Hurricanes and Other Unplanned Outages

Thunder Horse was shut down and fully evacuated following a power failure mid-September. That is a pretty major upset and shouldn’t happen (it would, in theory, require at least two independent failures), and would take a few days to find and correct the problem and get permission to restart. I wouldn’t be surprised if it was related to previous evacuations for hurricanes. Thunder Horse produces about 180 kbpd.

The estimates for hurricane related lost production were 84 kbpd (average over the month) for August and 60 kbpd for September – the Thunder Horse electrical outage might add another 20 kbpd to that. There may be some natural decline to add as well. On the other hand, Thunder Horse was not at full capacity in the July figures, so could add another 40 kbpd when it finally gets there.

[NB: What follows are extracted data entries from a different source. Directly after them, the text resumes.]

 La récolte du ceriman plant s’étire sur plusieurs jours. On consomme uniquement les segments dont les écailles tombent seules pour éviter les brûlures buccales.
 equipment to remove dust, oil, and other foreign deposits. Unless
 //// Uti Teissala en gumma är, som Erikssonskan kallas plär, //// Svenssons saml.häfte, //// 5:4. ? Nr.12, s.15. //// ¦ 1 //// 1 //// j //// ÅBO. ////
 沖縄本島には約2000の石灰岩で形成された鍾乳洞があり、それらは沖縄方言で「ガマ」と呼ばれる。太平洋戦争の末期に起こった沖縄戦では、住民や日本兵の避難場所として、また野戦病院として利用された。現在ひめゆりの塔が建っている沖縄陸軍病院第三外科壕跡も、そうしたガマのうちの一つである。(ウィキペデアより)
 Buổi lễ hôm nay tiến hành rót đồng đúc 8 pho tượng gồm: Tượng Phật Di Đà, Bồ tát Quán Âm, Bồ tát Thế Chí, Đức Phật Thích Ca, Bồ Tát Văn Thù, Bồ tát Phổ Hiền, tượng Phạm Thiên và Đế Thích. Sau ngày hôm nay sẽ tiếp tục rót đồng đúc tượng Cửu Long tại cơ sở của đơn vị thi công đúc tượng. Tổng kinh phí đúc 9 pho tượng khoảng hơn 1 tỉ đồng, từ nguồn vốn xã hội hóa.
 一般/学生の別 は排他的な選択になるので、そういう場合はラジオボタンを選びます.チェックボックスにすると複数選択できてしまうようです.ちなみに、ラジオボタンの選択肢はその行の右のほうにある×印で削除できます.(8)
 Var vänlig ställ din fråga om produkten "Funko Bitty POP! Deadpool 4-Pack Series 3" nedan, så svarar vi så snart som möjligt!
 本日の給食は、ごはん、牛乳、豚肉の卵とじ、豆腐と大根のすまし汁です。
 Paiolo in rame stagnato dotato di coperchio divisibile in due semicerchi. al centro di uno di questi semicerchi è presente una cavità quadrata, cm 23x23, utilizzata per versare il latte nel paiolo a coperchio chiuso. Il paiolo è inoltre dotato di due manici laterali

For natural decline rates the mature deep-water fields are dropping just under 80 kbpd per year and shallow fields about 40 kbpd per year, so maybe 10 kbpd per month overall. The new fields and the BP and Tahiti related fields also have natural decline on many of their wells but it is being covered by ramp-up of new fields and in-fill development wells. However, both those sources are starting to ease off so the overall decline rate will start to climb, eventually to as high as 20 to 25 percent based on R/P numbers.

Overall then, there is likely to be a slight decline seen in the next couple of reports for August and September, but not as dramatic as the hurricane news might have suggested. However, the impact from Nate in October, plus a bit from the shut-ins on Delta House following the subsea pipe failure and subsequent leak, will be more significant, around 300 kbpd on average, and with some knock-on impact into November and later because of the drilling rig outages and depending on how much of, and for how long Delta House production is lost. I will probably not put together another update until the November figures come out as it will be difficult to tell what is happening on individual fields given the various shutdown and restart disruptions, but it will be interesting to see what EIA do with their STEO predictions.

Natural Gas Production

Most gas production is associated gas and is in slow decline from a local peak in 2015 (note this was about 80 percent lower than the main peak in the 90’s when there were still large gas fields in operation). Most gas comes from the main deep water areas: GB – Garden Banks, GC – Green Canyon, MC – Mississippi Canyon, and KC – Keathley Canyon. The thin lines on the top of the chart are mostly shallow lease areas and are in steep decline at over 20 percent y-o-y. As oil decline picks up so will the overall gas decline.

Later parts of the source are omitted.